## Exercise directions:
Copy every entry as is. Leave images out.

## Supplied records:
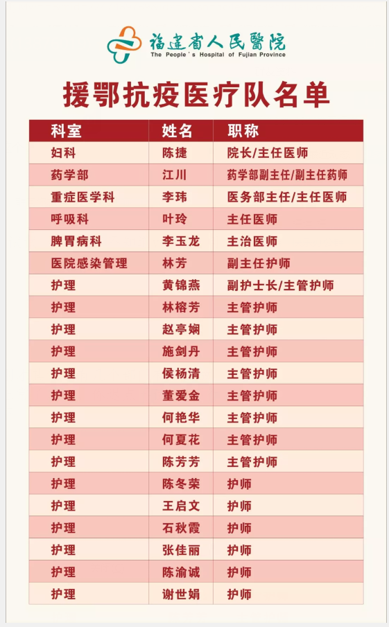 2月15日,根據(jù)國(guó)務(wù)院應(yīng)對(duì)新型冠狀病毒肺炎疫情聯(lián)防聯(lián)控機(jī)制醫(yī)療救治組最新工作部署,福建省再次組建107人的醫(yī)療隊(duì)支援湖北武漢,由福建中醫(yī)藥大學(xué)附屬人民醫(yī)院陳捷院長(zhǎng)擔(dān)任總領(lǐng)隊(duì)。福建中醫(yī)藥大學(xué)附屬人民醫(yī)院從各科室眾多請(qǐng)戰(zhàn)人員中遴選出21名精銳人員組成醫(yī)療隊(duì)。
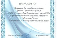 Мы поздравляем учителя физической культуры Никишину Светлану Владимировну за победу в номинации "За новизну и оригинальность идеи" в Республиканском этапе Всероссийского конкурса "Учитель здоровья России" Желаем в дальнейшем творческих и профессиональных успехов.
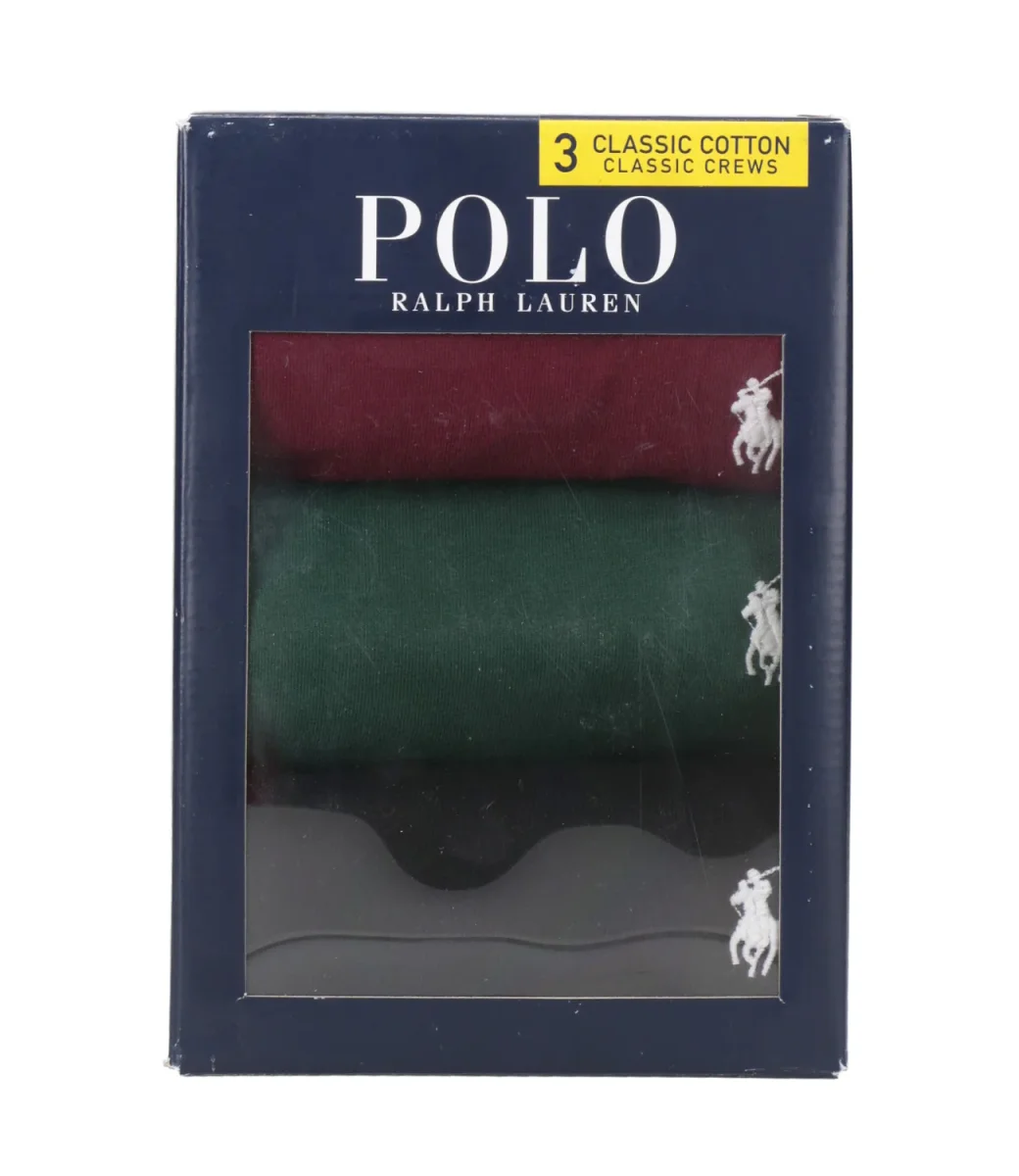 T-Shirt Polo Ralph Lauren in confezione con tre colori, modello a girocollo realizzata in morbido jersey di cotone traspirante, girocollo, maniche corte, iconico logo pony ricamato sul fondo lato sinistro.
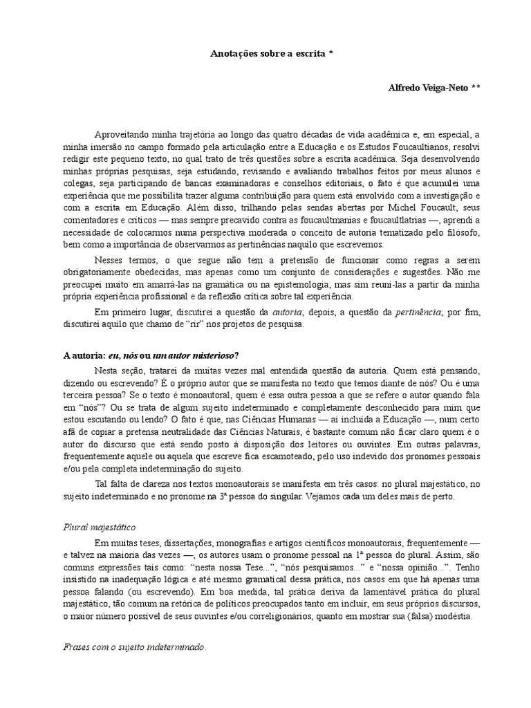 que só indiretamente ele diz respeito à escrita acadêmica.
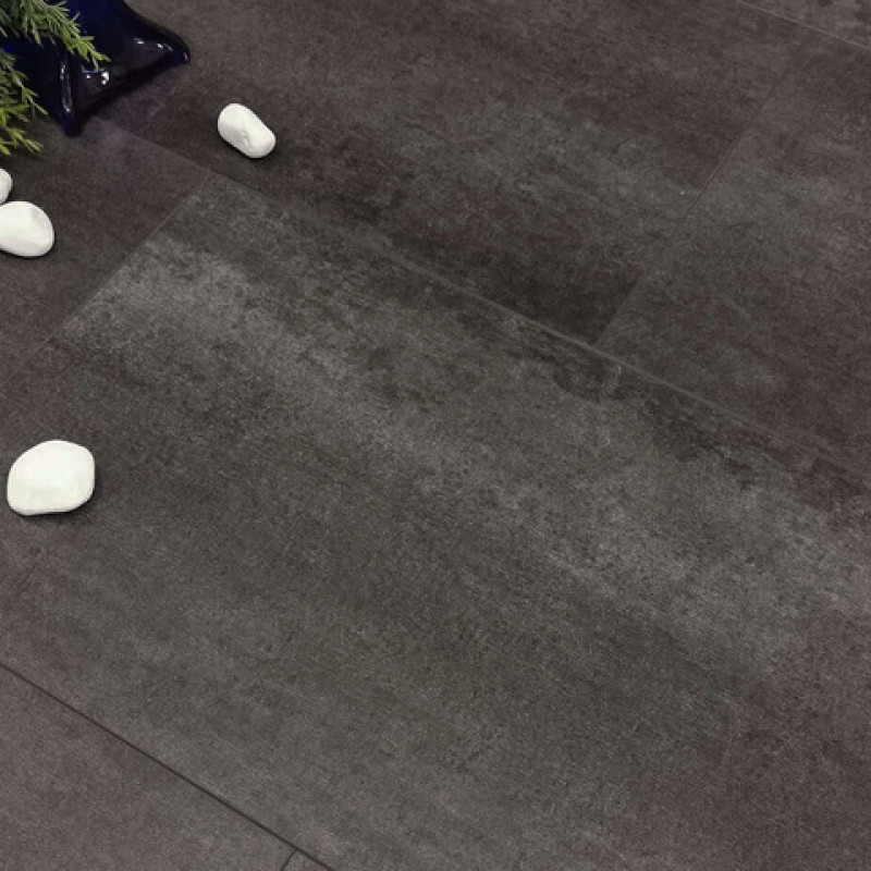 Замковая плитка SPC от производителя Stone Floor Грейрок имеет насыщенный темно-серый оттенок мокрого бетона. По всем сторонам плитки имеется глубокая 4-сторонняя крашенная фаска, которая позволяет сделать стык ламелей более совершенным и визуально приятным.
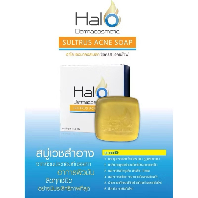 Halo Dermacosmetics Sultrus Acne Soap 50 Grams Treatment Inflammation Clogged Pores Oil Control (1 Bar)
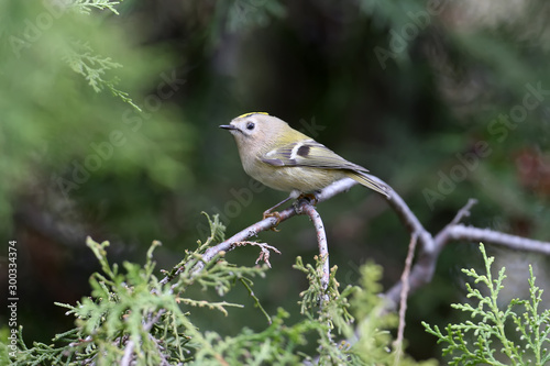 © VOLODYMYR KUCHERENKO, Fototapeta premium The goldcrest (Regulus regulus) portright shot close-up on a thuja branch
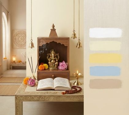 Soft shades like Buttercup, Mellow Yellow, or Golden Glow work well for pooja room walls.
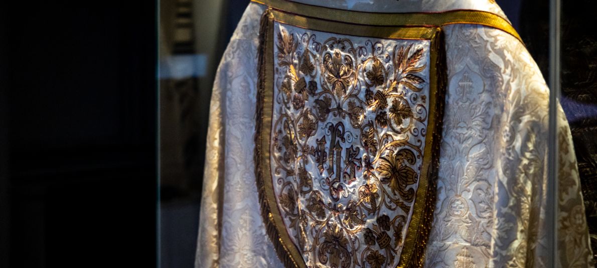 A Felekezetek terme bejáratával szemben, a ledöntött kereszt installációjának csúcsánál Mindszenty József bíboros, hercegprímás, esztergomi érsek palástját láthatjuk kiállítva. Mindszenty a magyar antikommunista ellenállás központi figurája volt.
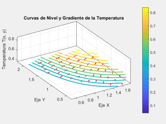 La siguiente grafica representa las curvas de nivel de la temperatura.
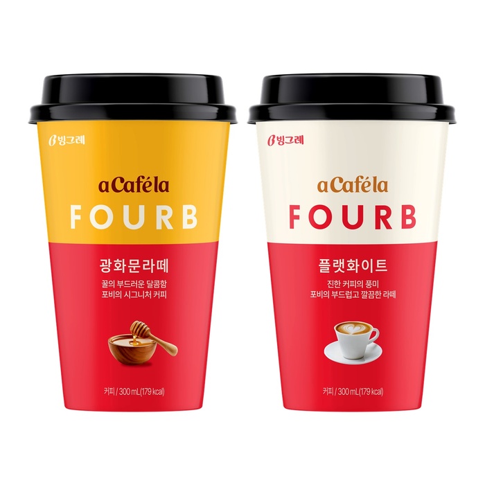 빙그레는 로스터리 카페 브랜드 포비(FOURB)와 ‘아카페라 포비(광화문라떼, 플랫화이트)’ 2종을 선보인다.
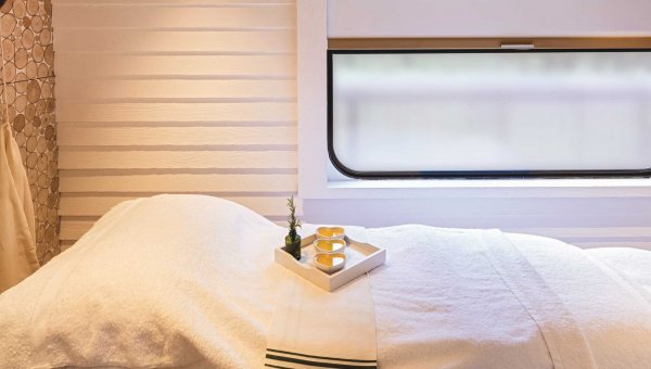The exclusive train ride just became even more fascinating with the addition of a special spa carriage. The Bamford Haybarn Spa features bespoke Bamford treatments for passengers travelling on overnight rail journeys. Enhance your relaxation travel experience by trying the famous Bamford’s spa treatments inspired by nature. Individually crafted wellbeing treatments are devoted to connecting the mind, body and soul with the natural world. The Haybarn Spa has been designed using sustainable wood from Scotland and the Cotswolds and features two relaxing single treatment rooms with picture windows looking out onto the beautiful Scottish countryside.
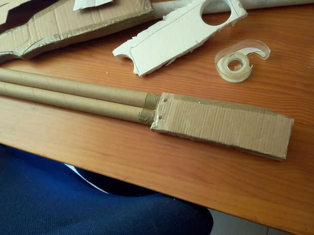 Para el cañón y la guía de la corredera usaremos sendos tubos de cartón, uniremos al cuerpo mediante tornillos para darle mayor estabilidad. Ambos tubos irán unidos con tornillo de las Naciones Unidas, tal como se ve en la imagen. Después taparemos ese montaje. Para añidir el gatillo recortaremos un par de trozos de cartón y los pegaremos.
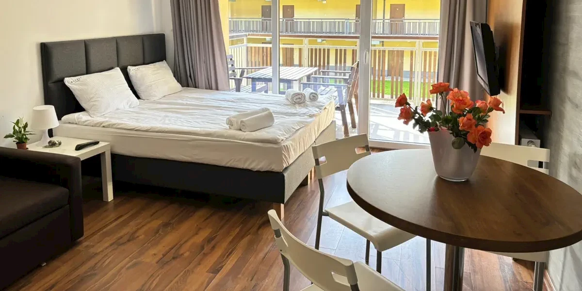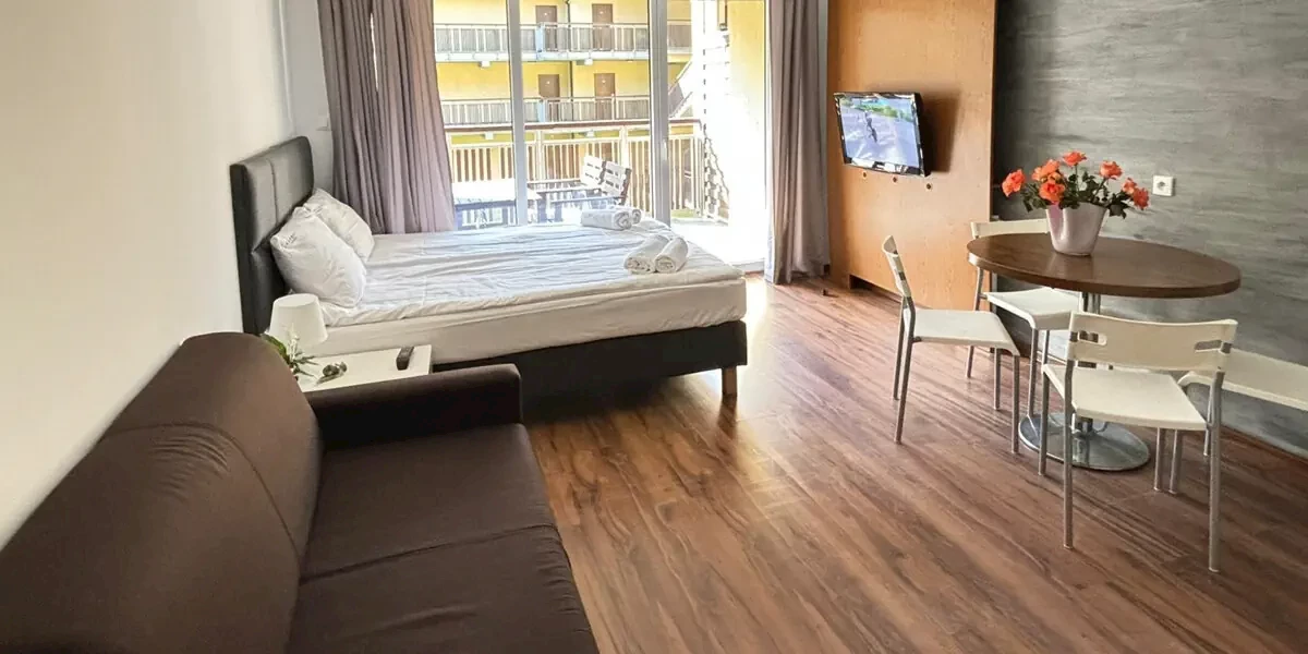 Apartament z balkonem/tarasem (26 m2). W wyposażeniu: TV, WI-FI, zestaw do parzenia kawy/herbaty, aneks kuchenny z lodówką, płytą indukcyjną, czajnikiem elektrycznym i zastawą stołową. Prywatna łazienka z prysznicem i ręcznikami. Sprzęt plażowy- parawan oraz leżaki.Prezentowane w informacji opisy, opinie oraz zdjęcia przedstawiają subiektywne odczucia ich autora i nie stanowią części oficjalnego opisu obiektu organizatora turystyki (przedsiębiorcy turystycznego). Pokoje oraz udogodnienia mogą się różnić od zawartych w informacji, za co Travelplanet.pl S.A. nie ponosi odpowiedzialności. Oficjalny opis dostarczony przez organizatora turystyki znajdziesz na stronie poświęconej wybranej przez Ciebie imprezie turystycznej, po wskazaniu interesującego Cię terminu wyjazdu.

## Response to the exercise:
 2月15日,根據(jù)國(guó)務(wù)院應(yīng)對(duì)新型冠狀病毒肺炎疫情聯(lián)防聯(lián)控機(jī)制醫(yī)療救治組最新工作部署,福建省再次組建107人的醫(yī)療隊(duì)支援湖北武漢,由福建中醫(yī)藥大學(xué)附屬人民醫(yī)院陳捷院長(zhǎng)擔(dān)任總領(lǐng)隊(duì)。福建中醫(yī)藥大學(xué)附屬人民醫(yī)院從各科室眾多請(qǐng)戰(zhàn)人員中遴選出21名精銳人員組成醫(yī)療隊(duì)。
 Мы поздравляем учителя физической культуры Никишину Светлану Владимировну за победу в номинации "За новизну и оригинальность идеи" в Республиканском этапе Всероссийского конкурса "Учитель здоровья России" Желаем в дальнейшем творческих и профессиональных успехов.
 T-Shirt Polo Ralph Lauren in confezione con tre colori, modello a girocollo realizzata in morbido jersey di cotone traspirante, girocollo, maniche corte, iconico logo pony ricamato sul fondo lato sinistro.
 que só indiretamente ele diz respeito à escrita acadêmica.
 Замковая плитка SPC от производителя Stone Floor Грейрок имеет насыщенный темно-серый оттенок мокрого бетона. По всем сторонам плитки имеется глубокая 4-сторонняя крашенная фаска, которая позволяет сделать стык ламелей более совершенным и визуально приятным.
 Halo Dermacosmetics Sultrus Acne Soap 50 Grams Treatment Inflammation Clogged Pores Oil Control (1 Bar)
 © VOLODYMYR KUCHERENKO, Fototapeta premium The goldcrest (Regulus regulus) portright shot close-up on a thuja branch
 Soft shades like Buttercup, Mellow Yellow, or Golden Glow work well for pooja room walls.
 A Felekezetek terme bejáratával szemben, a ledöntött kereszt installációjának csúcsánál Mindszenty József bíboros, hercegprímás, esztergomi érsek palástját láthatjuk kiállítva. Mindszenty a magyar antikommunista ellenállás központi figurája volt.
 La siguiente grafica representa las curvas de nivel de la temperatura.
 빙그레는 로스터리 카페 브랜드 포비(FOURB)와 ‘아카페라 포비(광화문라떼, 플랫화이트)’ 2종을 선보인다.
The exclusive train ride just became even more fascinating with the addition of a special spa carriage. The Bamford Haybarn Spa features bespoke Bamford treatments for passengers travelling on overnight rail journeys. Enhance your relaxation travel experience by trying the famous Bamford’s spa treatments inspired by nature. Individually crafted wellbeing treatments are devoted to connecting the mind, body and soul with the natural world. The Haybarn Spa has been designed using sustainable wood from Scotland and the Cotswolds and features two relaxing single treatment rooms with picture windows looking out onto the beautiful Scottish countryside.
 Para el cañón y la guía de la corredera usaremos sendos tubos de cartón, uniremos al cuerpo mediante tornillos para darle mayor estabilidad. Ambos tubos irán unidos con tornillo de las Naciones Unidas, tal como se ve en la imagen. Después taparemos ese montaje. Para añidir el gatillo recortaremos un par de trozos de cartón y los pegaremos.
 Apartament z balkonem/tarasem (26 m2). W wyposażeniu: TV, WI-FI, zestaw do parzenia kawy/herbaty, aneks kuchenny z lodówką, płytą indukcyjną, czajnikiem elektrycznym i zastawą stołową. Prywatna łazienka z prysznicem i ręcznikami. Sprzęt plażowy- parawan oraz leżaki.Prezentowane w informacji opisy, opinie oraz zdjęcia przedstawiają subiektywne odczucia ich autora i nie stanowią części oficjalnego opisu obiektu organizatora turystyki (przedsiębiorcy turystycznego). Pokoje oraz udogodnienia mogą się różnić od zawartych w informacji, za co Travelplanet.pl S.A. nie ponosi odpowiedzialności. Oficjalny opis dostarczony przez organizatora turystyki znajdziesz na stronie poświęconej wybranej przez Ciebie imprezie turystycznej, po wskazaniu interesującego Cię terminu wyjazdu.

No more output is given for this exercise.